There's default/automatic concern about the effect this will have on build times and binary size, since it will by default cause more things to become inlineable, hence larger binaries, and more time needed to produce them, so we may want to tweak those knobs a little bit.

gopherbot commented 3 years ago

Change https://golang.org/cl/267419 mentions this issue: cmd/compile: allocation-aware inlining tweaks

mdempsky commented 3 years ago

What's special about

if x { return f() } else { return g() }

that it should be inlined, but that

return f() + g()

should not be?

The inlining heuristics are currently oriented around the resulting code size. This justifies inlining a := g; if x { a = f }; return a() because it needs less code size than if x { return f() } else { return g() }: in particular, it only needs to generate one function call rather than two.

If the inlining heuristic cost assigned to function calls is too high, I think it's reasonable to just lower it. I don't see how control flow details weigh in here, since we're not (at least yet) doing any substantive control flow analysis at time of inlining.

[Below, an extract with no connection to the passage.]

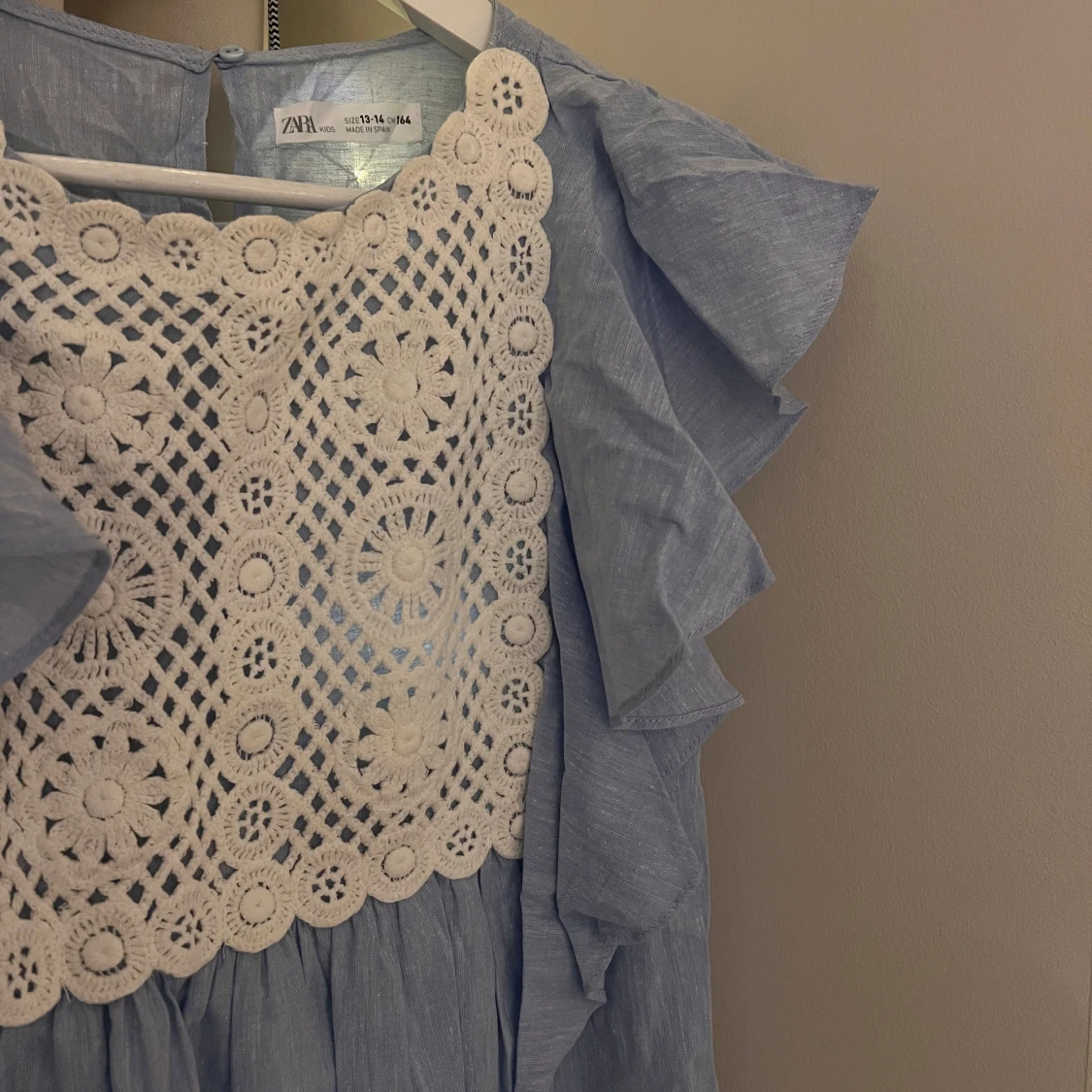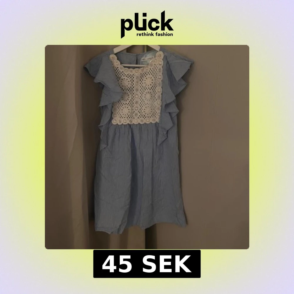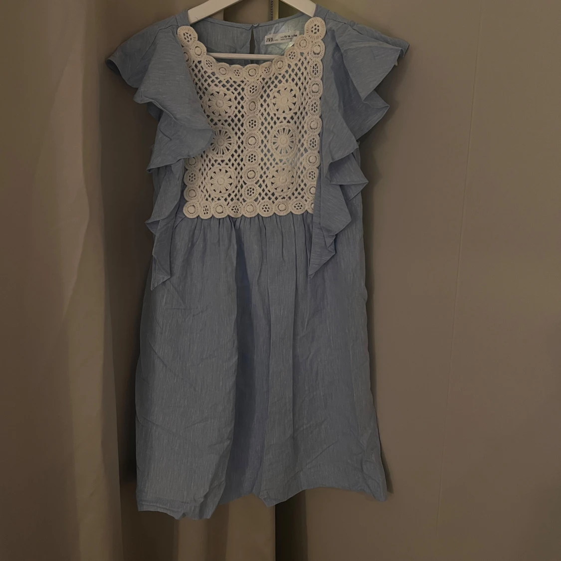 Säljer en söt blå klänning från Zara med vackra vita spetsdetaljer framtill. Klänningen har volanger längs sidorna och är ärmlös. Köpt på baravdelningen men kommer passa en xxs/xs

dr2chase commented 3 years ago

Cutting the cost of a call in half increases text size by 3.5%. Cutting it to 39 (half of inline budget, minus 1) increases text size by 2%. I could benchmark for a corresponding performance increase, but my recollection is we won't get it.

By-the-way, the best-looking "floats-all-boats" version of this CL doesn't work for a 3-call if tree. It includes a budget for how much the "max accounting" can be lower than the "sum accounting", and the current works-best number there is only 68, which is 11 more than the cost of a call; 100 was also tested, and it was not as good -- the binaries were a bit larger (of course) and the performance improvements were not as good, and there were more losers.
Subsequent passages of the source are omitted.